Collection entries:
• • • • • • •
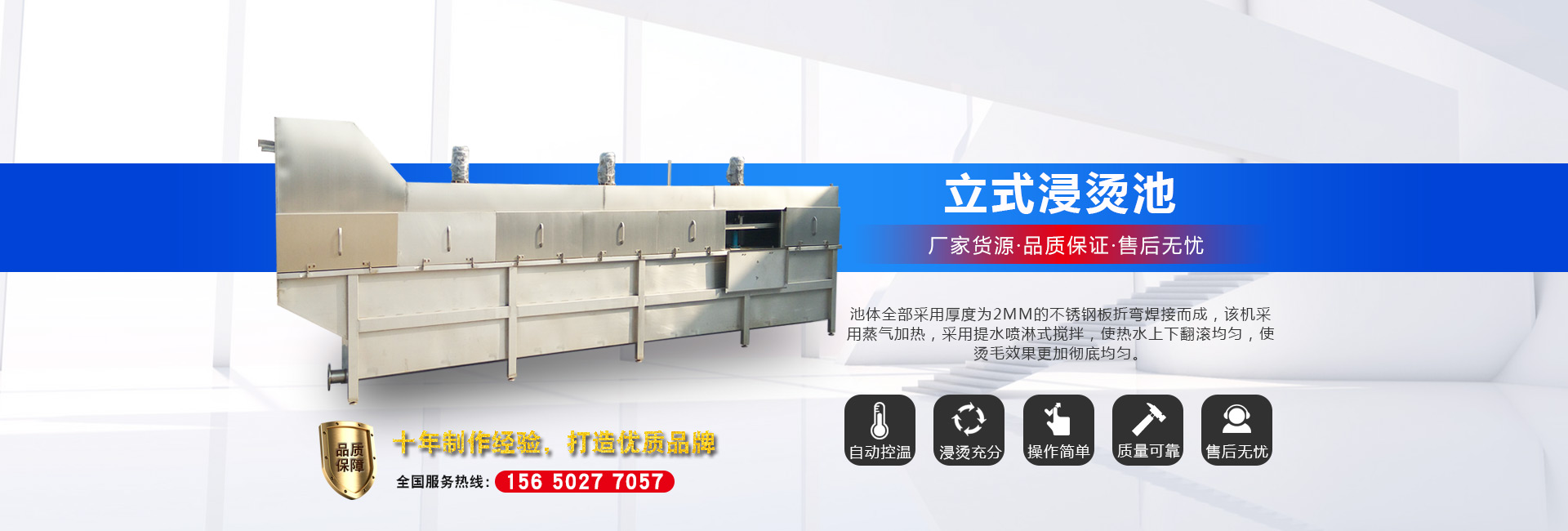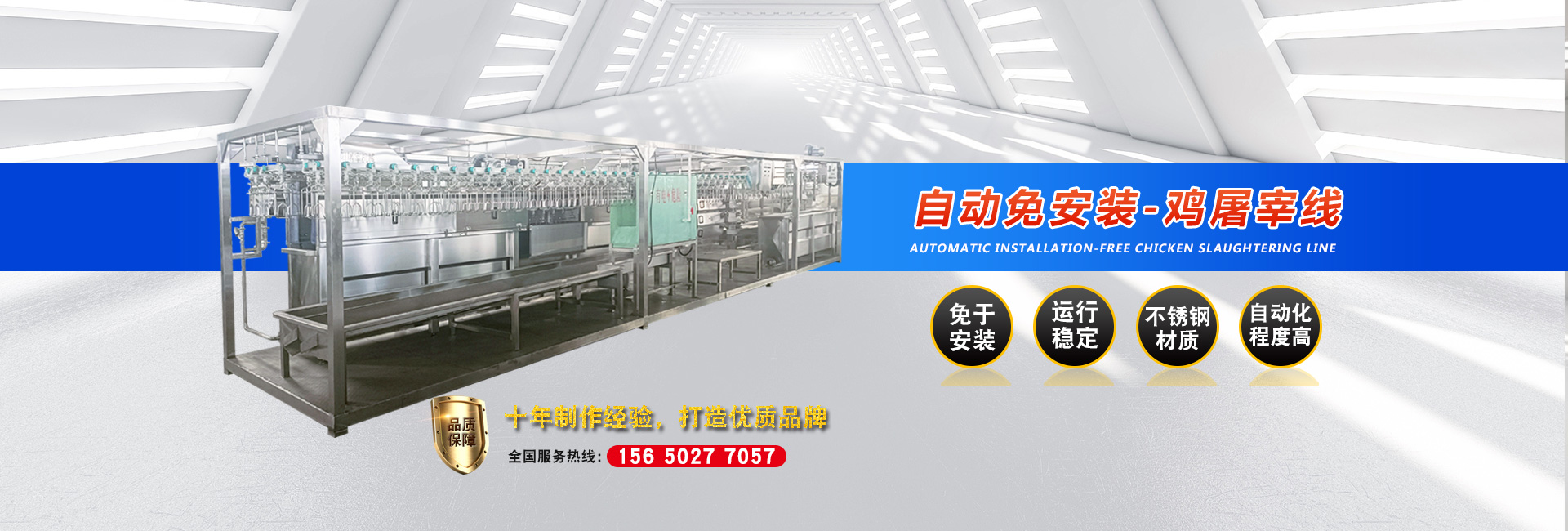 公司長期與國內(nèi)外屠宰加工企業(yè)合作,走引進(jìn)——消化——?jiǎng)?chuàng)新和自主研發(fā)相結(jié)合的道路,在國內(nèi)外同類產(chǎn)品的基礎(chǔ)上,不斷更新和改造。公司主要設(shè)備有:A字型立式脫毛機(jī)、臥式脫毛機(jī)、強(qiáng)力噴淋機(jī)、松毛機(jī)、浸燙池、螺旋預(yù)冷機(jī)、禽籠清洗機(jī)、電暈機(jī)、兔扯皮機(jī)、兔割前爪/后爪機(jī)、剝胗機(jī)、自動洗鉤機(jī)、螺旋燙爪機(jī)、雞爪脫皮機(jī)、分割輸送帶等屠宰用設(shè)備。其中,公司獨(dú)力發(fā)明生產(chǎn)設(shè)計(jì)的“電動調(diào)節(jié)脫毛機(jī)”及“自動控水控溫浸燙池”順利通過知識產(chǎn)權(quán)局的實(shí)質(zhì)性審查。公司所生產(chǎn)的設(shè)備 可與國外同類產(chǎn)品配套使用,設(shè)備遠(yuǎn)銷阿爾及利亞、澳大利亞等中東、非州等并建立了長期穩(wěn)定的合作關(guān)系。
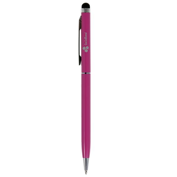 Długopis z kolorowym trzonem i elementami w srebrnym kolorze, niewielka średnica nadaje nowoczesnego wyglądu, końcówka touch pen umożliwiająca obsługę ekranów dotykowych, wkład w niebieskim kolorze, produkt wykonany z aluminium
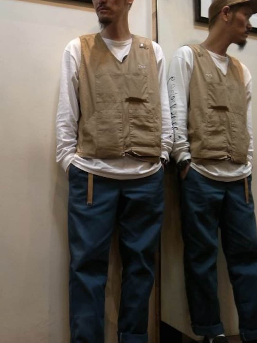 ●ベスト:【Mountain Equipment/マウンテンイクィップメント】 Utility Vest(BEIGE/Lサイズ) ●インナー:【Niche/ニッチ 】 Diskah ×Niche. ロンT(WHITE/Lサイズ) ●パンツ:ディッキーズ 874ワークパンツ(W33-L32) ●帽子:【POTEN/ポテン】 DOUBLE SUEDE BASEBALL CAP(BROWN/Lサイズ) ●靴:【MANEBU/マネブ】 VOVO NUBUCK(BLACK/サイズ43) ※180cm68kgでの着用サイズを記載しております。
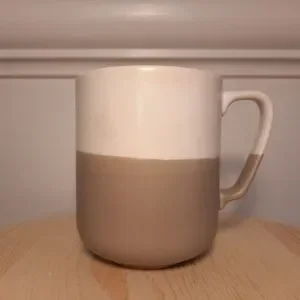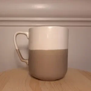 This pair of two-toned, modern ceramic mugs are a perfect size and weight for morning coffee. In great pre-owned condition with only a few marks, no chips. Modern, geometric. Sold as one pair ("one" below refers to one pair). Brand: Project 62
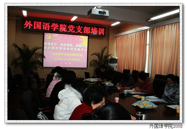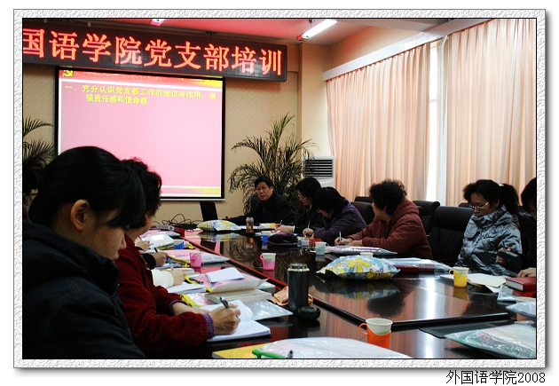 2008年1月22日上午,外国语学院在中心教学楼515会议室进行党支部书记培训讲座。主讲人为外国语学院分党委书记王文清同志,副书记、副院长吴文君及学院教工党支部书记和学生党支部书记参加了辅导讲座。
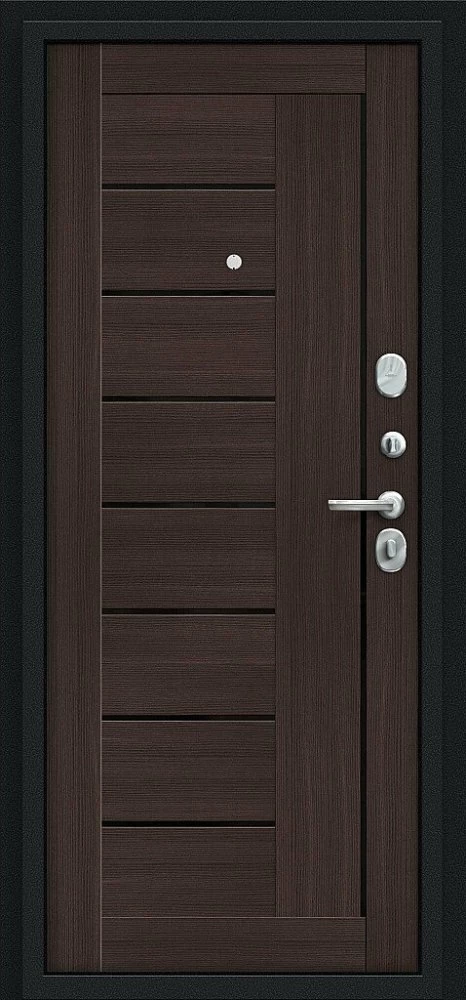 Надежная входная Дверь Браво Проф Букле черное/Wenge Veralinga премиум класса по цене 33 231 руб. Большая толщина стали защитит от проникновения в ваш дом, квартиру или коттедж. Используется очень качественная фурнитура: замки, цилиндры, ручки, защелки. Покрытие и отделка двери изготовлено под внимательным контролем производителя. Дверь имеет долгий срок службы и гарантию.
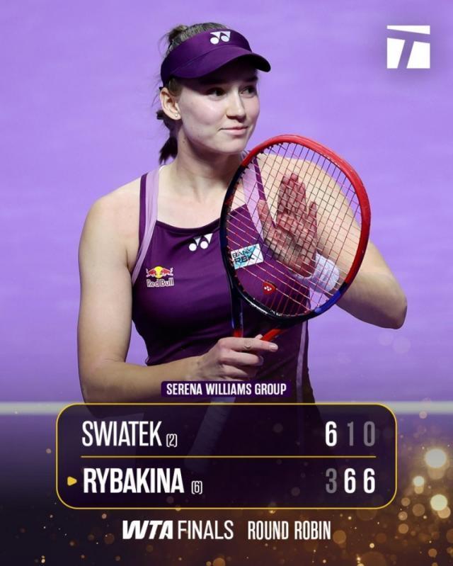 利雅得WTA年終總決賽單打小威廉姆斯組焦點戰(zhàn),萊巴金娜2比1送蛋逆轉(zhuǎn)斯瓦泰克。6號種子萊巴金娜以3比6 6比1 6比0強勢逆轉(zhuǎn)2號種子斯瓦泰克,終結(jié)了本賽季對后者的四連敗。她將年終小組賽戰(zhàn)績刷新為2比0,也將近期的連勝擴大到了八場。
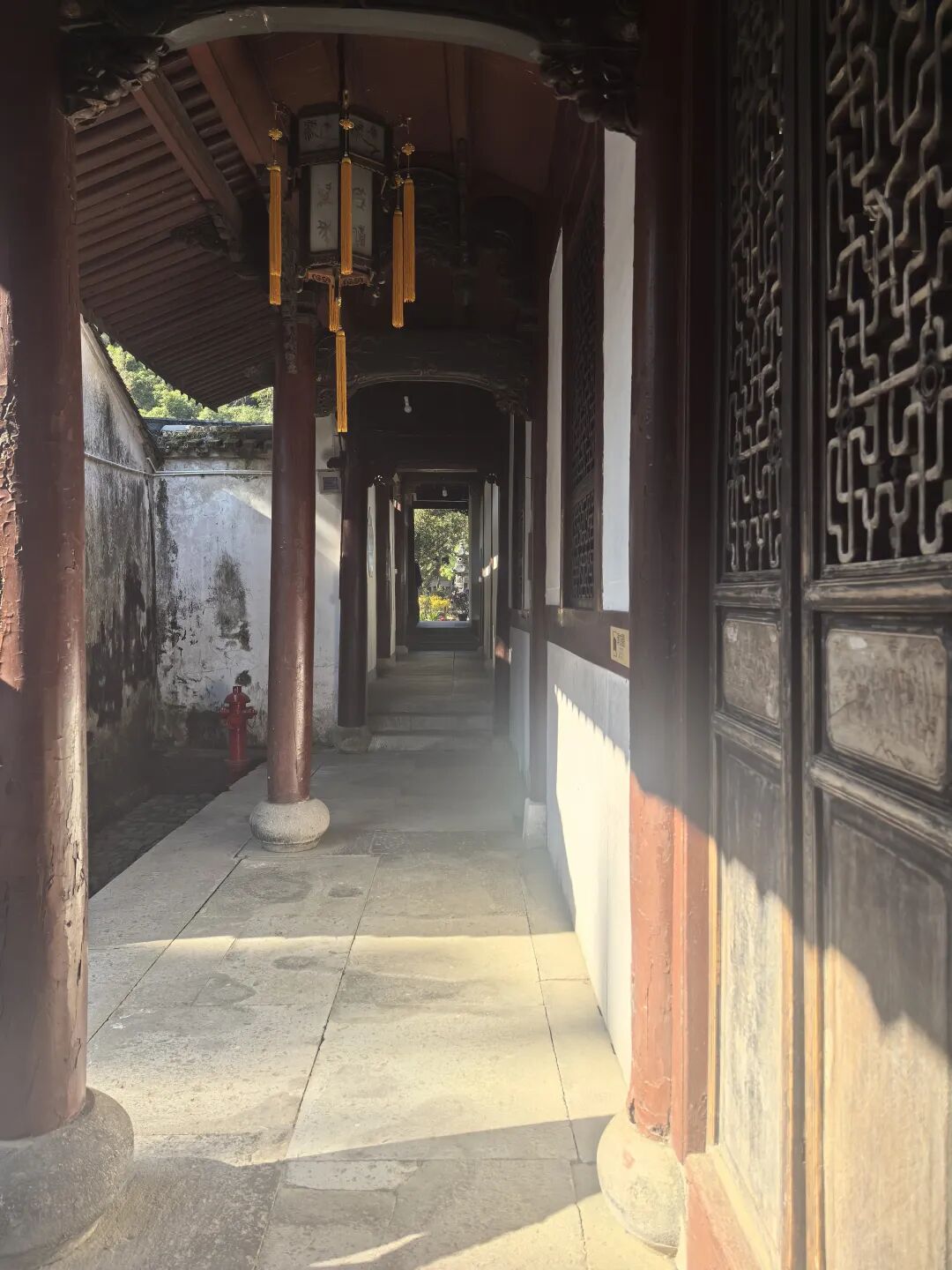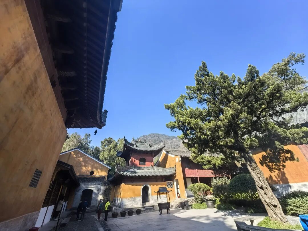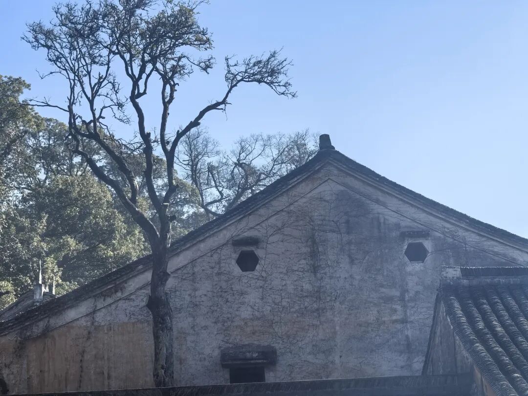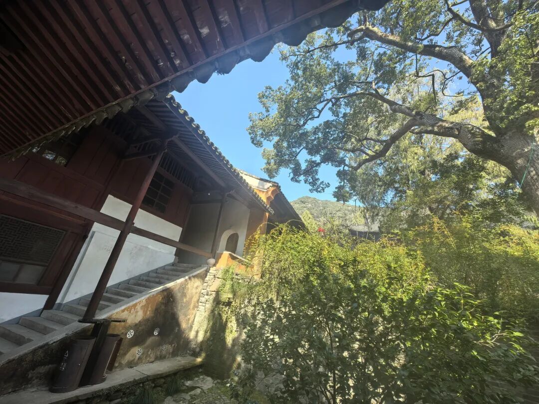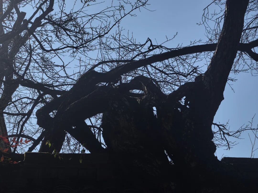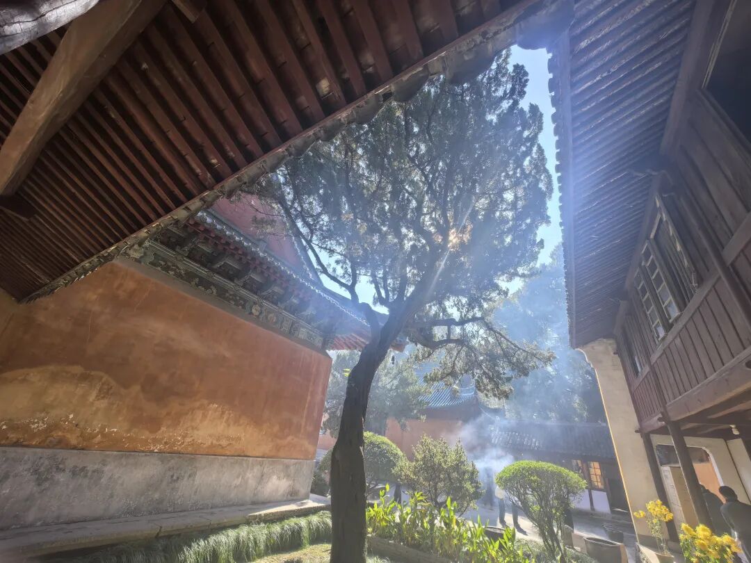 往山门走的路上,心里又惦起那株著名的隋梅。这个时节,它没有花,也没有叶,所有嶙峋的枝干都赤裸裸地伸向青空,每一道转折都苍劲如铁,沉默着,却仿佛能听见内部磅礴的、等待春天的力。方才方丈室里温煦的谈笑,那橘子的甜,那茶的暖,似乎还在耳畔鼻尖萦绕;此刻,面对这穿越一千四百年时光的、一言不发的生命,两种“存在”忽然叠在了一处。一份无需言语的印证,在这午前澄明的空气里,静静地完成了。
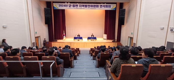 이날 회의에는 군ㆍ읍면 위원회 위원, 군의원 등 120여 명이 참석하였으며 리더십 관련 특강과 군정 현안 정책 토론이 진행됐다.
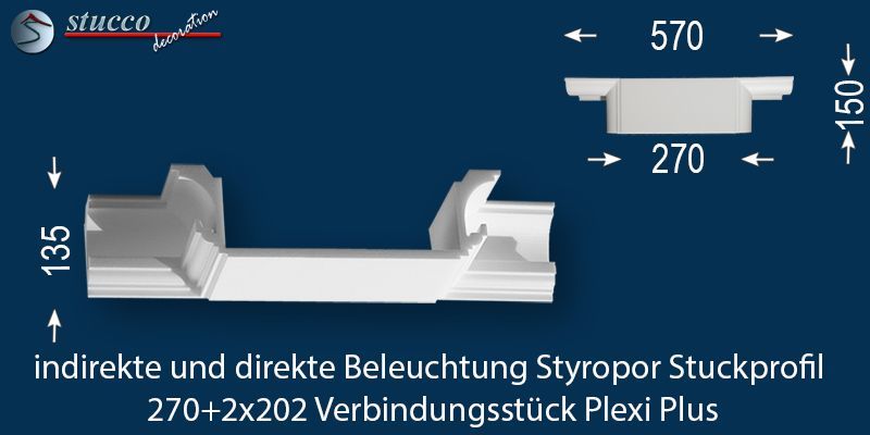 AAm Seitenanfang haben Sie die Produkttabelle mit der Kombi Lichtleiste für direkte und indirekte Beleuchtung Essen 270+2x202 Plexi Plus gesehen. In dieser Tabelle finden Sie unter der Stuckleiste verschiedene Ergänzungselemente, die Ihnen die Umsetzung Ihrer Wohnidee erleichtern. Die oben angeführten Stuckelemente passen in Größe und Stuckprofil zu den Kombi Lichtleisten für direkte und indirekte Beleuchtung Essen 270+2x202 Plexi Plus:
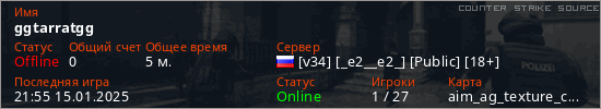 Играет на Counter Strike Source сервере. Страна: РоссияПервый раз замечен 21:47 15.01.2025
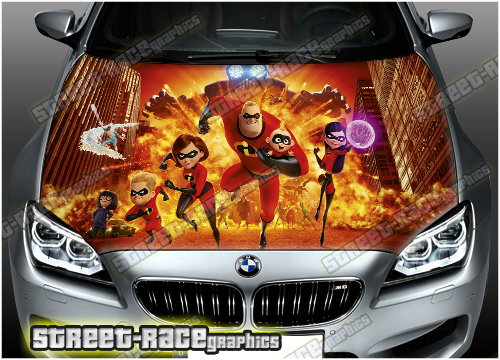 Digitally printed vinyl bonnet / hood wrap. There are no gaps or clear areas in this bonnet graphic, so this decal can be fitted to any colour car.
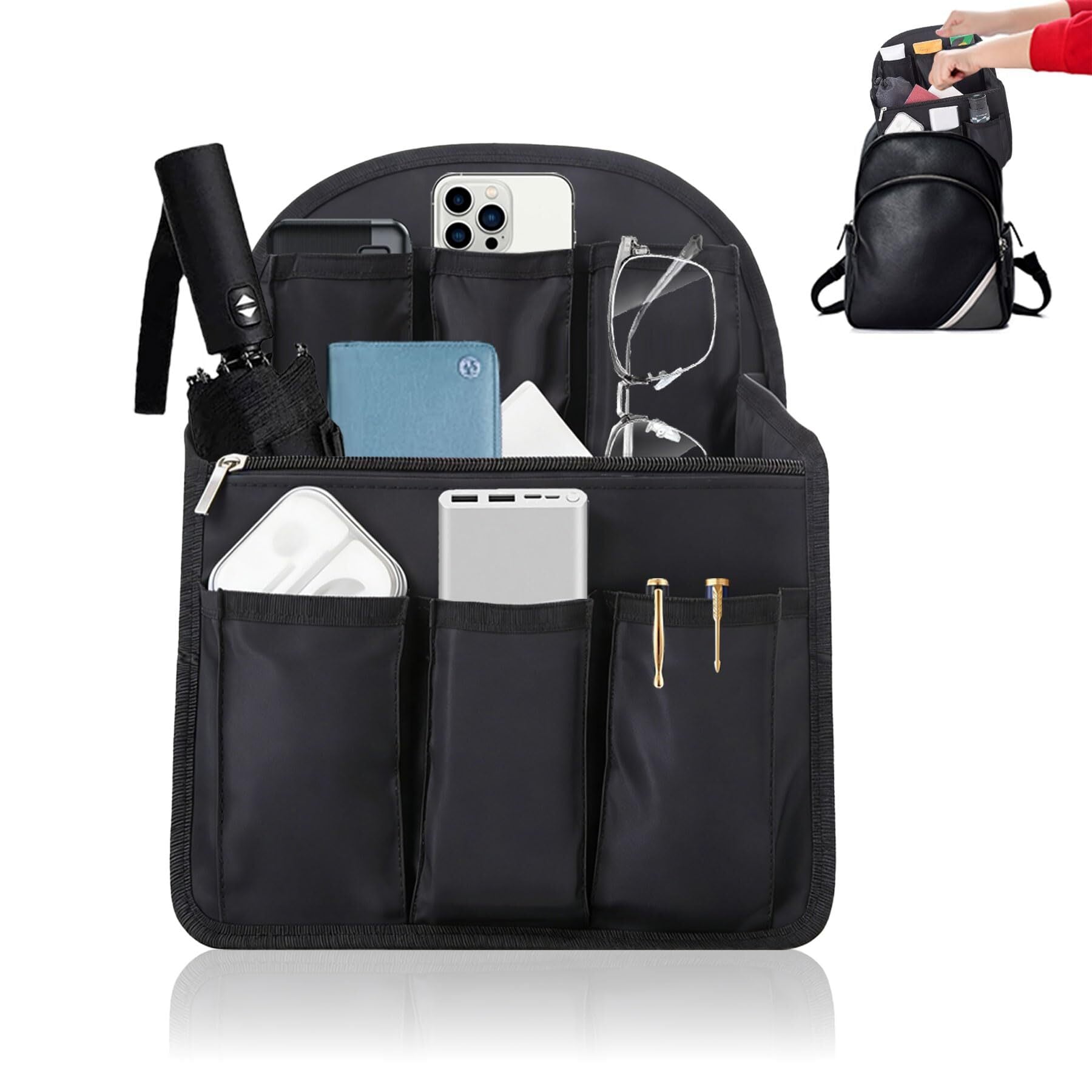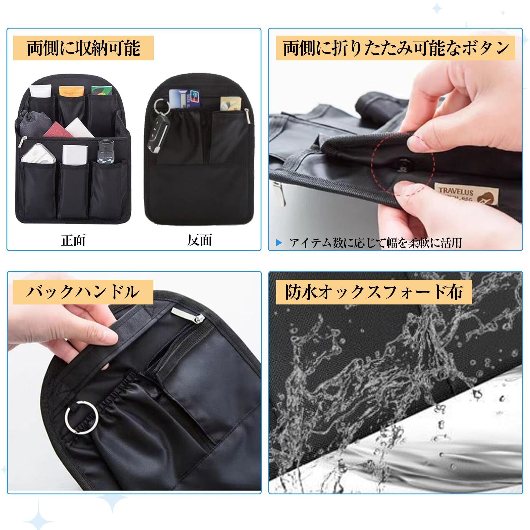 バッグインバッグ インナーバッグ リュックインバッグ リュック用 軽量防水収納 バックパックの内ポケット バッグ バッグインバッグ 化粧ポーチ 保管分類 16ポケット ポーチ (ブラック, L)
• • • • • • •
▸ Problem requirements: Print every record above exactly, but no pictures.

▸ Answer to this exercise:
 公司長期與國內(nèi)外屠宰加工企業(yè)合作,走引進(jìn)——消化——?jiǎng)?chuàng)新和自主研發(fā)相結(jié)合的道路,在國內(nèi)外同類產(chǎn)品的基礎(chǔ)上,不斷更新和改造。公司主要設(shè)備有:A字型立式脫毛機(jī)、臥式脫毛機(jī)、強(qiáng)力噴淋機(jī)、松毛機(jī)、浸燙池、螺旋預(yù)冷機(jī)、禽籠清洗機(jī)、電暈機(jī)、兔扯皮機(jī)、兔割前爪/后爪機(jī)、剝胗機(jī)、自動洗鉤機(jī)、螺旋燙爪機(jī)、雞爪脫皮機(jī)、分割輸送帶等屠宰用設(shè)備。其中,公司獨(dú)力發(fā)明生產(chǎn)設(shè)計(jì)的“電動調(diào)節(jié)脫毛機(jī)”及“自動控水控溫浸燙池”順利通過知識產(chǎn)權(quán)局的實(shí)質(zhì)性審查。公司所生產(chǎn)的設(shè)備 可與國外同類產(chǎn)品配套使用,設(shè)備遠(yuǎn)銷阿爾及利亞、澳大利亞等中東、非州等并建立了長期穩(wěn)定的合作關(guān)系。
 Długopis z kolorowym trzonem i elementami w srebrnym kolorze, niewielka średnica nadaje nowoczesnego wyglądu, końcówka touch pen umożliwiająca obsługę ekranów dotykowych, wkład w niebieskim kolorze, produkt wykonany z aluminium
 ●ベスト:【Mountain Equipment/マウンテンイクィップメント】 Utility Vest(BEIGE/Lサイズ) ●インナー:【Niche/ニッチ 】 Diskah ×Niche. ロンT(WHITE/Lサイズ) ●パンツ:ディッキーズ 874ワークパンツ(W33-L32) ●帽子:【POTEN/ポテン】 DOUBLE SUEDE BASEBALL CAP(BROWN/Lサイズ) ●靴:【MANEBU/マネブ】 VOVO NUBUCK(BLACK/サイズ43) ※180cm68kgでの着用サイズを記載しております。
 This pair of two-toned, modern ceramic mugs are a perfect size and weight for morning coffee. In great pre-owned condition with only a few marks, no chips. Modern, geometric. Sold as one pair ("one" below refers to one pair). Brand: Project 62
 2008年1月22日上午,外国语学院在中心教学楼515会议室进行党支部书记培训讲座。主讲人为外国语学院分党委书记王文清同志,副书记、副院长吴文君及学院教工党支部书记和学生党支部书记参加了辅导讲座。
 Надежная входная Дверь Браво Проф Букле черное/Wenge Veralinga премиум класса по цене 33 231 руб. Большая толщина стали защитит от проникновения в ваш дом, квартиру или коттедж. Используется очень качественная фурнитура: замки, цилиндры, ручки, защелки. Покрытие и отделка двери изготовлено под внимательным контролем производителя. Дверь имеет долгий срок службы и гарантию.
 利雅得WTA年終總決賽單打小威廉姆斯組焦點戰(zhàn),萊巴金娜2比1送蛋逆轉(zhuǎn)斯瓦泰克。6號種子萊巴金娜以3比6 6比1 6比0強勢逆轉(zhuǎn)2號種子斯瓦泰克,終結(jié)了本賽季對后者的四連敗。她將年終小組賽戰(zhàn)績刷新為2比0,也將近期的連勝擴大到了八場。
 往山门走的路上,心里又惦起那株著名的隋梅。这个时节,它没有花,也没有叶,所有嶙峋的枝干都赤裸裸地伸向青空,每一道转折都苍劲如铁,沉默着,却仿佛能听见内部磅礴的、等待春天的力。方才方丈室里温煦的谈笑,那橘子的甜,那茶的暖,似乎还在耳畔鼻尖萦绕;此刻,面对这穿越一千四百年时光的、一言不发的生命,两种“存在”忽然叠在了一处。一份无需言语的印证,在这午前澄明的空气里,静静地完成了。
 이날 회의에는 군ㆍ읍면 위원회 위원, 군의원 등 120여 명이 참석하였으며 리더십 관련 특강과 군정 현안 정책 토론이 진행됐다.
 AAm Seitenanfang haben Sie die Produkttabelle mit der Kombi Lichtleiste für direkte und indirekte Beleuchtung Essen 270+2x202 Plexi Plus gesehen. In dieser Tabelle finden Sie unter der Stuckleiste verschiedene Ergänzungselemente, die Ihnen die Umsetzung Ihrer Wohnidee erleichtern. Die oben angeführten Stuckelemente passen in Größe und Stuckprofil zu den Kombi Lichtleisten für direkte und indirekte Beleuchtung Essen 270+2x202 Plexi Plus:
 Играет на Counter Strike Source сервере. Страна: РоссияПервый раз замечен 21:47 15.01.2025
 Digitally printed vinyl bonnet / hood wrap. There are no gaps or clear areas in this bonnet graphic, so this decal can be fitted to any colour car.
 バッグインバッグ インナーバッグ リュックインバッグ リュック用 軽量防水収納 バックパックの内ポケット バッグ バッグインバッグ 化粧ポーチ 保管分類 16ポケット ポーチ (ブラック, L)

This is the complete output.